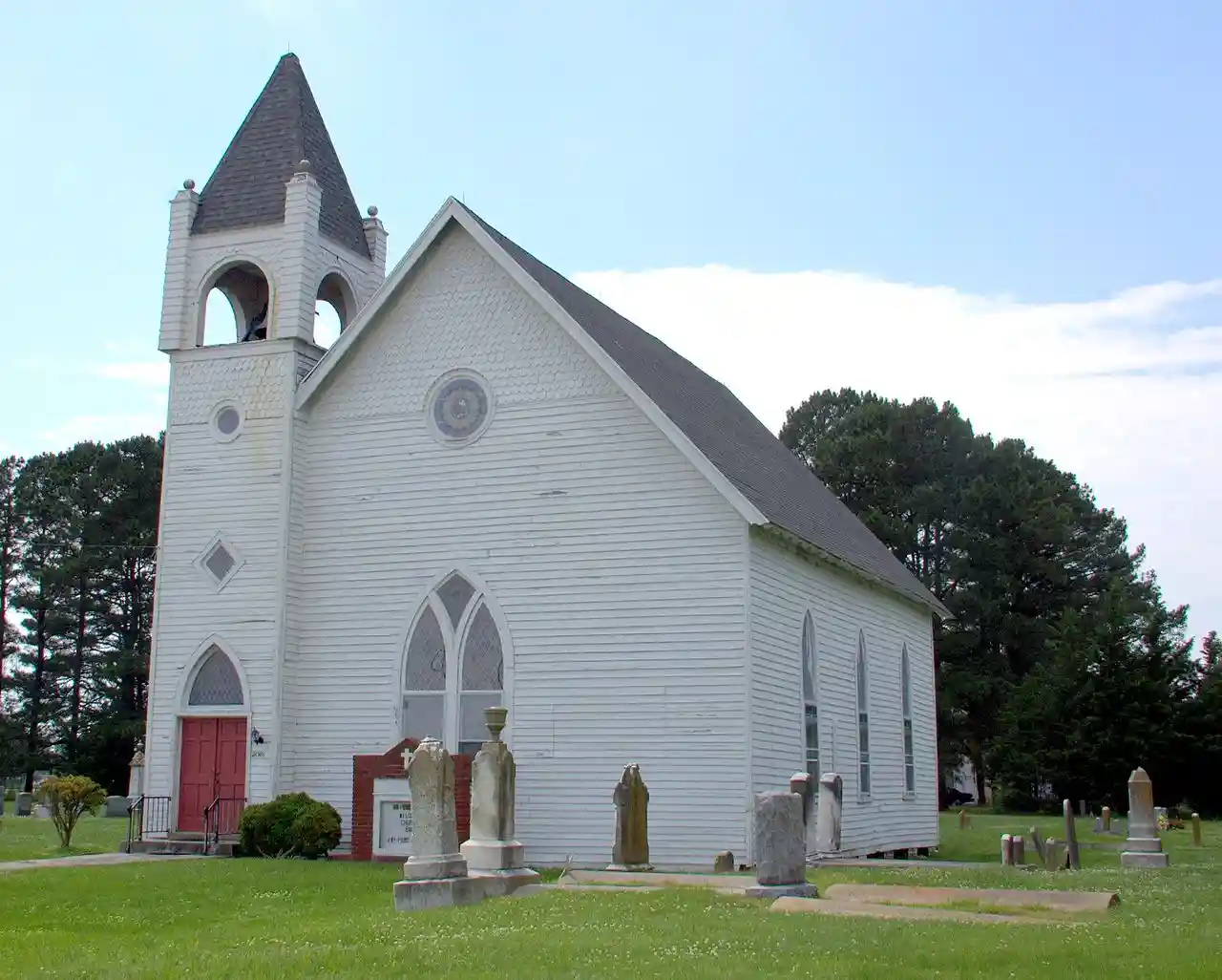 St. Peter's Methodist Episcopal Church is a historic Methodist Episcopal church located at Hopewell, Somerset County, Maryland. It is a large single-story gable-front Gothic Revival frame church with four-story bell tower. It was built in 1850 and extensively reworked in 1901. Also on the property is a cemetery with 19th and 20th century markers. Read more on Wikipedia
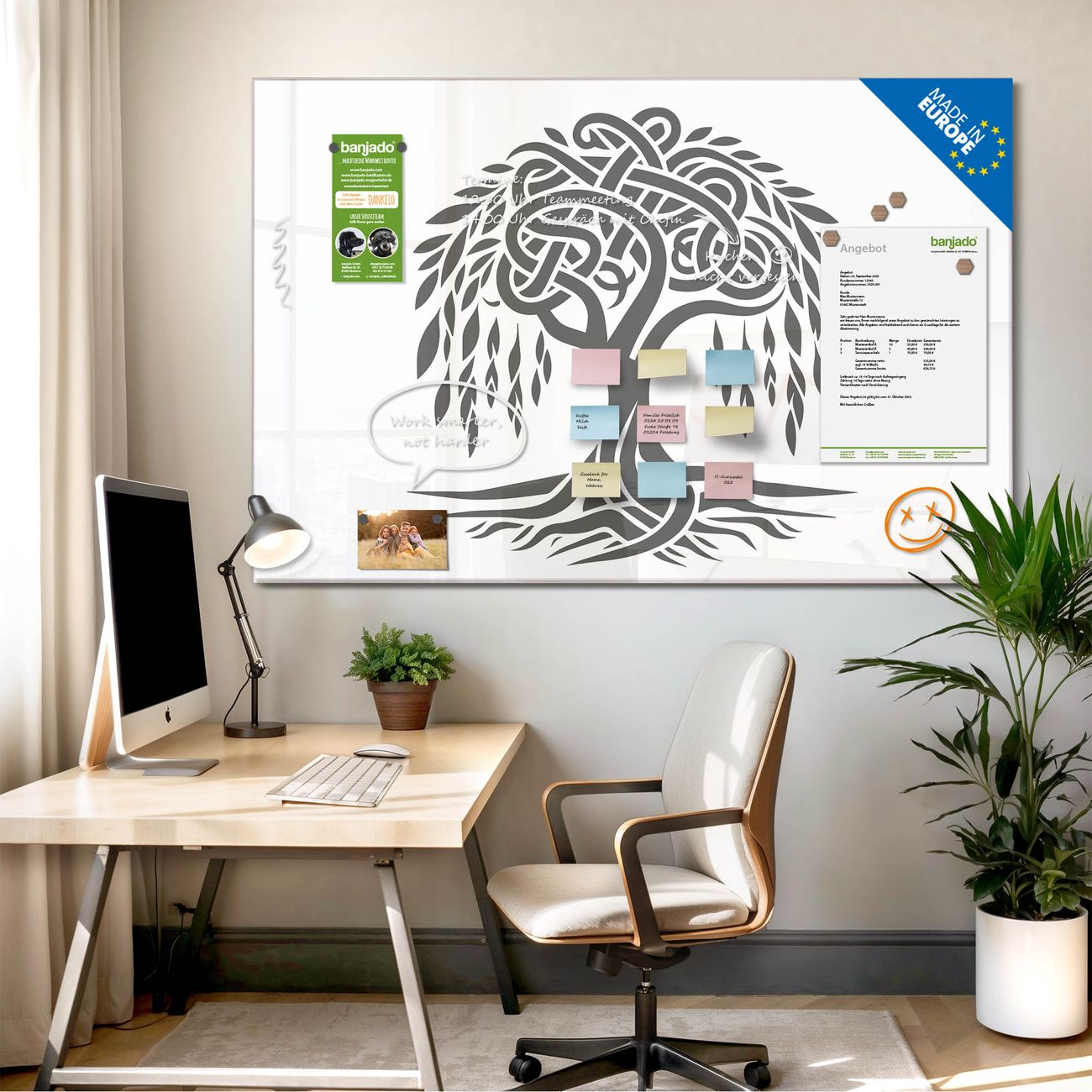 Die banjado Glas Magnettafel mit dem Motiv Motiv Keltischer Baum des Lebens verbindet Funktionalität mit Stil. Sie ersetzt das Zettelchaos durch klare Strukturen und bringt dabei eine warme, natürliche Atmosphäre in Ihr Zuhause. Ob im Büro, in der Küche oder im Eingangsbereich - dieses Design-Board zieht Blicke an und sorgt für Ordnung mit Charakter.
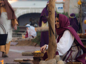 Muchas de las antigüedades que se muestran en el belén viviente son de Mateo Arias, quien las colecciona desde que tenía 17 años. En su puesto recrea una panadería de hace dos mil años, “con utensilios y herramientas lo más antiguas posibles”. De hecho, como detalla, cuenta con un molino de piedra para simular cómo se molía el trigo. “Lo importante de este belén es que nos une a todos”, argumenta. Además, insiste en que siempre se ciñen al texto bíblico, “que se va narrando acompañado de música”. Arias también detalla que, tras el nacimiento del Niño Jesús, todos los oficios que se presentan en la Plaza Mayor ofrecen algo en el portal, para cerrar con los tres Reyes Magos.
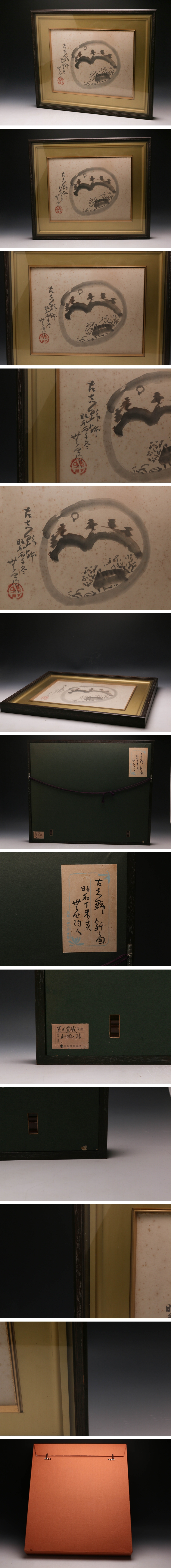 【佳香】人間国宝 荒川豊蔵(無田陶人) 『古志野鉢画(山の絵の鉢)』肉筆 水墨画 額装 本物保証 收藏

= The problem =
Write out the listing again word for word, but without its pictures.

= Written reply =
 St. Peter's Methodist Episcopal Church is a historic Methodist Episcopal church located at Hopewell, Somerset County, Maryland. It is a large single-story gable-front Gothic Revival frame church with four-story bell tower. It was built in 1850 and extensively reworked in 1901. Also on the property is a cemetery with 19th and 20th century markers. Read more on Wikipedia
 Die banjado Glas Magnettafel mit dem Motiv Motiv Keltischer Baum des Lebens verbindet Funktionalität mit Stil. Sie ersetzt das Zettelchaos durch klare Strukturen und bringt dabei eine warme, natürliche Atmosphäre in Ihr Zuhause. Ob im Büro, in der Küche oder im Eingangsbereich - dieses Design-Board zieht Blicke an und sorgt für Ordnung mit Charakter.
 Muchas de las antigüedades que se muestran en el belén viviente son de Mateo Arias, quien las colecciona desde que tenía 17 años. En su puesto recrea una panadería de hace dos mil años, “con utensilios y herramientas lo más antiguas posibles”. De hecho, como detalla, cuenta con un molino de piedra para simular cómo se molía el trigo. “Lo importante de este belén es que nos une a todos”, argumenta. Además, insiste en que siempre se ciñen al texto bíblico, “que se va narrando acompañado de música”. Arias también detalla que, tras el nacimiento del Niño Jesús, todos los oficios que se presentan en la Plaza Mayor ofrecen algo en el portal, para cerrar con los tres Reyes Magos.
 【佳香】人間国宝 荒川豊蔵(無田陶人) 『古志野鉢画(山の絵の鉢)』肉筆 水墨画 額装 本物保証 收藏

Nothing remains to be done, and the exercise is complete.